Néanmoins, Warren concède que son argument implique que l’infanticide serait moralement acceptable dans certaines circonstances, comme celles d’une île déserte. Le philosophe Peter Singer conclut de la même manière que l’infanticide, en particulier celui des enfants gravement handicapés, est justifiable dans certaines conditions. Et Jeff McMahan admet que dans des circonstances très limitées, il peut être permis de tuer un enfant pour sauver la vie de plusieurs autres. Les opposants peuvent voir ces concessions comme une reductio ad absurdum des points de vue de ces auteurs ; tandis que les partisans peuvent les voir simplement comme des exemples d’actes désagréables justifiés dans des cas inhabituels.
Puisque les ondes cérébrales apparaissent dans le cerveau inférieur (tronc cérébral) entre 6 et 8 semaines de gestation, et dans le cerveau supérieur (cortex cérébral) entre 19 et 20 semaines de gestation, les deux concepts de personnalité à la naissance du cerveau « entier » et « supérieur » fondés sur la présence d’ondes cérébrales ne permettent pas l’infanticide.
Le point de vue des capacités naturellesEdit
Certains opposants au point de vue de Warren croient que ce qui importe moralement n’est pas qu’une personne fasse réellement preuve de qualités mentales complexes du type qu’elle identifie, mais plutôt qu’elle ait en elle une propension génétique autodirigée ou une capacité naturelle à développer de telles qualités. En d’autres termes, ce qui est crucial, c’est d’être le genre d’entité ou de substance qui, dans les bonnes conditions, se développe activement au point de présenter les qualités de Warren à un moment donné de sa vie, même si elle ne les présente pas réellement parce qu’elle ne les a pas encore développées (embryon, nourrisson) ou qu’elle les a perdues (maladie d’Alzheimer grave). Parce que les êtres humains ont cette capacité naturelle – et même essentiellement – ils ont donc (selon ce point de vue) essentiellement le droit à la vie : ils ne pourraient pas ne pas avoir le droit à la vie. De plus, puisque l’embryologie moderne montre que l’embryon commence à exister dès la conception et qu’il a une capacité naturelle pour des qualités mentales complexes, le droit à la vie commence donc dès la conception.
Enraciner le droit à la vie dans des capacités naturelles essentielles plutôt que dans des capacités développées accidentelles présenterait plusieurs avantages. Comme les capacités développées se situent sur un continuum, admettant des degrés plus ou moins élevés – certains, par exemple, sont plus rationnels et conscients d’eux-mêmes que d’autres – par conséquent : (1) le point de vue des « capacités développées » doit choisir arbitrairement un certain degré de développement comme point limite pour le droit à la vie, alors que le point de vue des « capacités naturelles » n’est pas arbitraire ; (2) ceux dont les capacités sont plus développées auraient davantage droit à la vie selon le point de vue des « capacités développées », alors que le point de vue des « capacités naturelles » implique que nous avons tous un droit égal à la vie ; et (3) le continuum des capacités développées rend vague le point exact auquel l’état de personne s’ensuit, et les êtres humains autour de ce point, disons entre un et deux ans, auront un statut moral ombragé ou indéterminé – alors qu’il n’y a pas une telle indétermination sur le point de vue des « capacités naturelles ».

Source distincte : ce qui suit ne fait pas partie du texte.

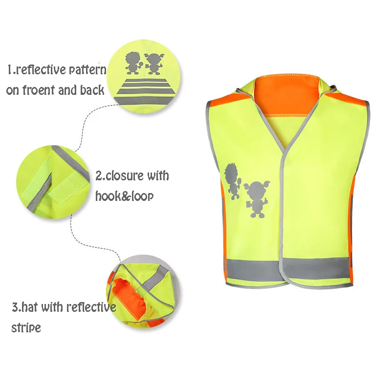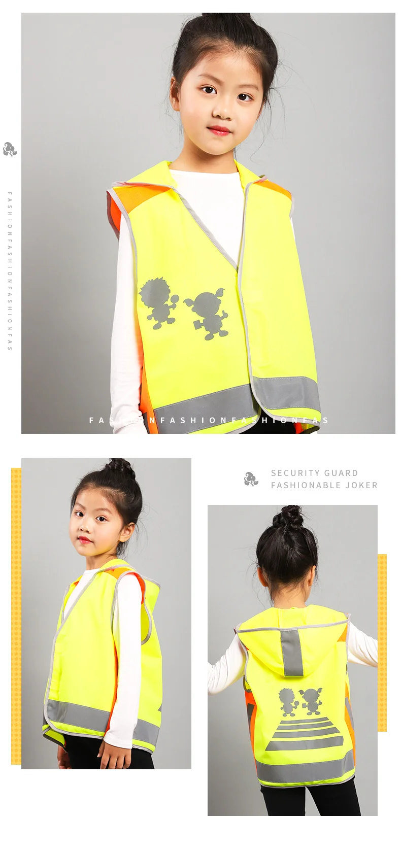 Детский светоотражающий жилет желтый флуоресцентный Безопасный Жилет hi vis высокая видимость одежда детей Безопасный дорожного движения студент безопасности ткань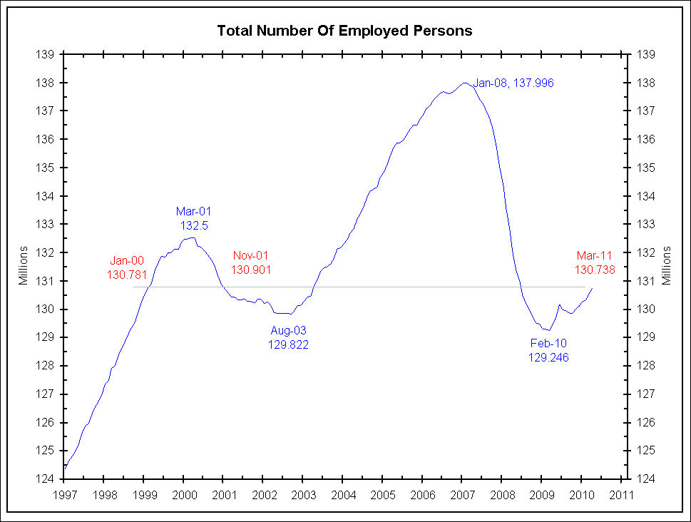 En deze gaat over de banenmarkt: ondanks een groeiende bevolking zijn er nu evenveel mensen aan het werk als in 1999

Certains défenseurs des arguments de style Warren concèdent que ces problèmes n’ont pas encore été entièrement résolus, mais répondent que le point de vue des « capacités naturelles » ne fait pas mieux. Ils affirment, par exemple, que comme les êtres humains varient considérablement dans leurs capacités cognitives naturelles (certains sont naturellement plus intelligents que d’autres), et comme on peut imaginer une série ou un spectre d’espèces dont les capacités naturelles diminuent progressivement (par exemple, une série allant des humains aux amibes avec seulement les plus petites différences de capacités naturelles entre chaque espèce successive), les problèmes d’arbitraire et d’inégalité s’appliqueront donc également à la vision des « capacités naturelles ». En d’autres termes, il y a un continuum non seulement de capacités développées mais aussi de capacités naturelles, et donc le point de vue des « capacités naturelles » sera inévitablement confronté à ces problèmes également.
Certains critiques rejettent le point de vue des « capacités naturelles » sur la base qu’il prend la simple appartenance à une espèce ou le potentiel génétique comme base de respect (en essence une accusation de spécisme), ou parce qu’il implique que les nourrissons anencéphales et les comateux irréversibles ont un droit complet à la vie. De plus, comme pour l’argument de Marquis (voir ci-dessous), certaines théories de l’identité personnelle soutiendraient l’idée que l’embryon ne développera jamais lui-même des qualités mentales complexes (il donnera simplement naissance à une substance ou une entité distincte qui aura ces qualités), auquel cas l’argument des « capacités naturelles » échouerait. Les répondants à cette critique soutiennent que les cas humains notés ne seraient en fait pas classés comme des personnes car ils n’ont pas la capacité naturelle de développer des caractéristiques psychologiques.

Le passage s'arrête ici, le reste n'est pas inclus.